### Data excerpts

++++

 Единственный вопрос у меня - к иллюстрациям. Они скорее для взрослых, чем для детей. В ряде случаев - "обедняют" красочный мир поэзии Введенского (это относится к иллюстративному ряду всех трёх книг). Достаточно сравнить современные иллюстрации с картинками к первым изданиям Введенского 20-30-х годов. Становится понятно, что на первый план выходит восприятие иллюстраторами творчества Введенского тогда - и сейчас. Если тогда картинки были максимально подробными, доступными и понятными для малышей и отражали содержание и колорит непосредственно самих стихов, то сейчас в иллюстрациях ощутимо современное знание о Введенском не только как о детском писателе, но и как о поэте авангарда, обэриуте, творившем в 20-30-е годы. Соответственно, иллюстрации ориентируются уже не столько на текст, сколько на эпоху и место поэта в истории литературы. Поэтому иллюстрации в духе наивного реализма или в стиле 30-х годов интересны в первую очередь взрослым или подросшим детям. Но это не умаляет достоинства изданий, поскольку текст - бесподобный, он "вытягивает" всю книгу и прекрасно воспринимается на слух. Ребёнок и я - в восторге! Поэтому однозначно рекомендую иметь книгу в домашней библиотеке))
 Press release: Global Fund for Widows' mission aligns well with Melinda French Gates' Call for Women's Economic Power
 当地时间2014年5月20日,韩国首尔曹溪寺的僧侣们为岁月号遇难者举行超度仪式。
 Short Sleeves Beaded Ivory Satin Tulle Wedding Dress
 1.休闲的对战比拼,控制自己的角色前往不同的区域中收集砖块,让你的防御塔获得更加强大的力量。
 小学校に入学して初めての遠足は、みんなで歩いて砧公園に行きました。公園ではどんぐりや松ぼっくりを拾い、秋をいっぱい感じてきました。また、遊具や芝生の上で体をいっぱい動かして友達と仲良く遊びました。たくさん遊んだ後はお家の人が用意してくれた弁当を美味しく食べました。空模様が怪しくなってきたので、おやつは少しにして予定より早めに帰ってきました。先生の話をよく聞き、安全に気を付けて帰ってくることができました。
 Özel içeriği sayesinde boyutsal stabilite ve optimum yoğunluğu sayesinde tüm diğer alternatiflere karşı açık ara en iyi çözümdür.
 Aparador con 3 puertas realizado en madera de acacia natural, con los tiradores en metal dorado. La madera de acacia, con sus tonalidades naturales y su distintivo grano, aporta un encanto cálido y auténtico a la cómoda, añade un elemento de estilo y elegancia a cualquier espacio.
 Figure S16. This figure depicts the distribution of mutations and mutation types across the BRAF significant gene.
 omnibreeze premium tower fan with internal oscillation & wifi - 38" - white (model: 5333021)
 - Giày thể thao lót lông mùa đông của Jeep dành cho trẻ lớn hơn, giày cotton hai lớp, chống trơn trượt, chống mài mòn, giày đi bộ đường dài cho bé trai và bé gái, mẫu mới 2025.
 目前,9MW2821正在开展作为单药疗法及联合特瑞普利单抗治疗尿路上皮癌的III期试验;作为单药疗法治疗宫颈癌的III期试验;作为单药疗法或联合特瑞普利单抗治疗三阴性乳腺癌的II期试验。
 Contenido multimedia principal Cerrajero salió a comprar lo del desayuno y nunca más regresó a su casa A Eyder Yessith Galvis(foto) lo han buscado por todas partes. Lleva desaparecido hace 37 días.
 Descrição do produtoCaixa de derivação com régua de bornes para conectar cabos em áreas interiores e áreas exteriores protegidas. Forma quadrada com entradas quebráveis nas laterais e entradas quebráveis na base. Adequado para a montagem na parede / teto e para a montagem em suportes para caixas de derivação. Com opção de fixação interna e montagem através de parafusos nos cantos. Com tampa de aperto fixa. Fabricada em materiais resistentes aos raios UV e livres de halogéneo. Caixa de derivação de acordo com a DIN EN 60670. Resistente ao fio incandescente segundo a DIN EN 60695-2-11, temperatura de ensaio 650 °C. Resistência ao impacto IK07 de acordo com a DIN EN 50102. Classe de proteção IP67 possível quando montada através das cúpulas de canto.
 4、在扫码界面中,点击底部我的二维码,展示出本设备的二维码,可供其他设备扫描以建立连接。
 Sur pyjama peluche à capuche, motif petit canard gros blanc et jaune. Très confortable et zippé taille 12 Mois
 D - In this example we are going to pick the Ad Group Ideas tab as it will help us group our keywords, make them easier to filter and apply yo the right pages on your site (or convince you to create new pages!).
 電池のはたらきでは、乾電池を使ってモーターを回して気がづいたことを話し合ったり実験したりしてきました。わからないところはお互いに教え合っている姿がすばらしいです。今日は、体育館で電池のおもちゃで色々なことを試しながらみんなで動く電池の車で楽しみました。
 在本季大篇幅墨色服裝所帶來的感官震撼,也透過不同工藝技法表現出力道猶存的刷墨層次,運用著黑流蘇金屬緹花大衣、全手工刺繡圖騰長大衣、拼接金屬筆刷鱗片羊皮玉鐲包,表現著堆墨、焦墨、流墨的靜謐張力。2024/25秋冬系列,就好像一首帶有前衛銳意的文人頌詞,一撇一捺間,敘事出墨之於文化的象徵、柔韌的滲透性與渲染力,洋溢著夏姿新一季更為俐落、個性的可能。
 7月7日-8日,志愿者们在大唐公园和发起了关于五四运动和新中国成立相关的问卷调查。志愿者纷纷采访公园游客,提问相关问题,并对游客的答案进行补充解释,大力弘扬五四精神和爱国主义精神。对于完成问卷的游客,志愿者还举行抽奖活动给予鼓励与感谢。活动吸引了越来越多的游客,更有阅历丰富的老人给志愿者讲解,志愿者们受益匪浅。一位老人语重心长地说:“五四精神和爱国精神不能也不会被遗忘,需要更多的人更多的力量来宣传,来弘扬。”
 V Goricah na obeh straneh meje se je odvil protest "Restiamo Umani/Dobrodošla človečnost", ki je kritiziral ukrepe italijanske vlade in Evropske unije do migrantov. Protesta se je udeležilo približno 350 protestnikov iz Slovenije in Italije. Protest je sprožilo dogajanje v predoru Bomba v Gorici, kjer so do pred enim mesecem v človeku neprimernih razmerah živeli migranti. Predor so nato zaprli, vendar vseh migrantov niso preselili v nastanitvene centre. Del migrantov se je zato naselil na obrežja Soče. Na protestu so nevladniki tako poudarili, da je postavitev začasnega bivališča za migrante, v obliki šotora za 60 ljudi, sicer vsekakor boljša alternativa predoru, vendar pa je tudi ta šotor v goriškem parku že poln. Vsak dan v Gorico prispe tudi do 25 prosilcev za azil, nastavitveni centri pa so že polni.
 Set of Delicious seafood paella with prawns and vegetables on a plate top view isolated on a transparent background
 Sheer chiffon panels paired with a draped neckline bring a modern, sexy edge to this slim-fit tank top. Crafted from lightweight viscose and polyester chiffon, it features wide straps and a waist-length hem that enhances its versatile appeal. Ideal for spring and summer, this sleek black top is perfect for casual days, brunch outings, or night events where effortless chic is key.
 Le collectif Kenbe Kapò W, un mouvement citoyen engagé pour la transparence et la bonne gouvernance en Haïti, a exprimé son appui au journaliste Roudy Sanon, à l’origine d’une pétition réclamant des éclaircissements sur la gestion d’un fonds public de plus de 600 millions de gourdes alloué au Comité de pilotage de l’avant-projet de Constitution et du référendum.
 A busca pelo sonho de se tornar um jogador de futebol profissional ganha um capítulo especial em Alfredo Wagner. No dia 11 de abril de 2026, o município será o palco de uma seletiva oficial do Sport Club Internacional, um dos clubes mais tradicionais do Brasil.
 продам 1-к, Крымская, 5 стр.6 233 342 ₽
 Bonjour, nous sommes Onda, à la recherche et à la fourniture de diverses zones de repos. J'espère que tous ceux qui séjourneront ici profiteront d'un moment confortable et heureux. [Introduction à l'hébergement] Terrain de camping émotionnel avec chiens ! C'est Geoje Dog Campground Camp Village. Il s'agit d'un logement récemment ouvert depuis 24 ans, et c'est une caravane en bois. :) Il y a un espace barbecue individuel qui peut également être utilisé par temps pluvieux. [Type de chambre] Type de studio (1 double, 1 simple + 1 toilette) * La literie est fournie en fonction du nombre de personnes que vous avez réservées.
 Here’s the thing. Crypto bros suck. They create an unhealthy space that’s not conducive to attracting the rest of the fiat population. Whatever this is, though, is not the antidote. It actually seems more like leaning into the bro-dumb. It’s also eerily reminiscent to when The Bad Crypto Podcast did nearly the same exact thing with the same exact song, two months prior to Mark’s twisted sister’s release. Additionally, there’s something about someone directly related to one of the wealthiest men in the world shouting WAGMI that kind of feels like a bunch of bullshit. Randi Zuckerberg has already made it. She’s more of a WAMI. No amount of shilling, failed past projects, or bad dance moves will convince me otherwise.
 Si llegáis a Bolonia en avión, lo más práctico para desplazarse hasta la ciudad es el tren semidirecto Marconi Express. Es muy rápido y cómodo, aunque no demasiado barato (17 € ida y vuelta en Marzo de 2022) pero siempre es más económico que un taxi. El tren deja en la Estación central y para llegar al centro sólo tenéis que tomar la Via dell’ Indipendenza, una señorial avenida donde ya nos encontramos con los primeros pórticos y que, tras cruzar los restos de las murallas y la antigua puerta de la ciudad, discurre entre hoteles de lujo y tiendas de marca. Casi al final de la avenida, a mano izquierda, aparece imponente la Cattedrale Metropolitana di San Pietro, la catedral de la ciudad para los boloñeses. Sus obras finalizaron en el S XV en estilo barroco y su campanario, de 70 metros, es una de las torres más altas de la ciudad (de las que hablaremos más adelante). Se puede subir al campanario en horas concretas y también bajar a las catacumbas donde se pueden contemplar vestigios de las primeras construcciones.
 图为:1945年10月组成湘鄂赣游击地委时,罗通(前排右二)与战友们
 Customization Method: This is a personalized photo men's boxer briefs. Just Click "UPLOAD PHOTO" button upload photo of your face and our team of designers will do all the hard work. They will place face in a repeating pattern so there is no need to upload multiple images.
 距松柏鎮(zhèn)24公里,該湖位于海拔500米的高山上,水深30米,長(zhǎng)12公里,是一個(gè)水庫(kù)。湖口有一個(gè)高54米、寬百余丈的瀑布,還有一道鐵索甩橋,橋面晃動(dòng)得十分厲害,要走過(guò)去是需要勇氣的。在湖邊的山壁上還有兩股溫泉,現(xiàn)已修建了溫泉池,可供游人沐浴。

++++

### Task to carry out
Reproduce without change every line of the entries above, from the one containing "图为:1945年10月组成湘鄂赣游击地委时,罗通(前排右二)与战友们" through the last.

### Answer for this exercise
 图为:1945年10月组成湘鄂赣游击地委时,罗通(前排右二)与战友们
 Customization Method: This is a personalized photo men's boxer briefs. Just Click "UPLOAD PHOTO" button upload photo of your face and our team of designers will do all the hard work. They will place face in a repeating pattern so there is no need to upload multiple images.
 距松柏鎮(zhèn)24公里,該湖位于海拔500米的高山上,水深30米,長(zhǎng)12公里,是一個(gè)水庫(kù)。湖口有一個(gè)高54米、寬百余丈的瀑布,還有一道鐵索甩橋,橋面晃動(dòng)得十分厲害,要走過(guò)去是需要勇氣的。在湖邊的山壁上還有兩股溫泉,現(xiàn)已修建了溫泉池,可供游人沐浴。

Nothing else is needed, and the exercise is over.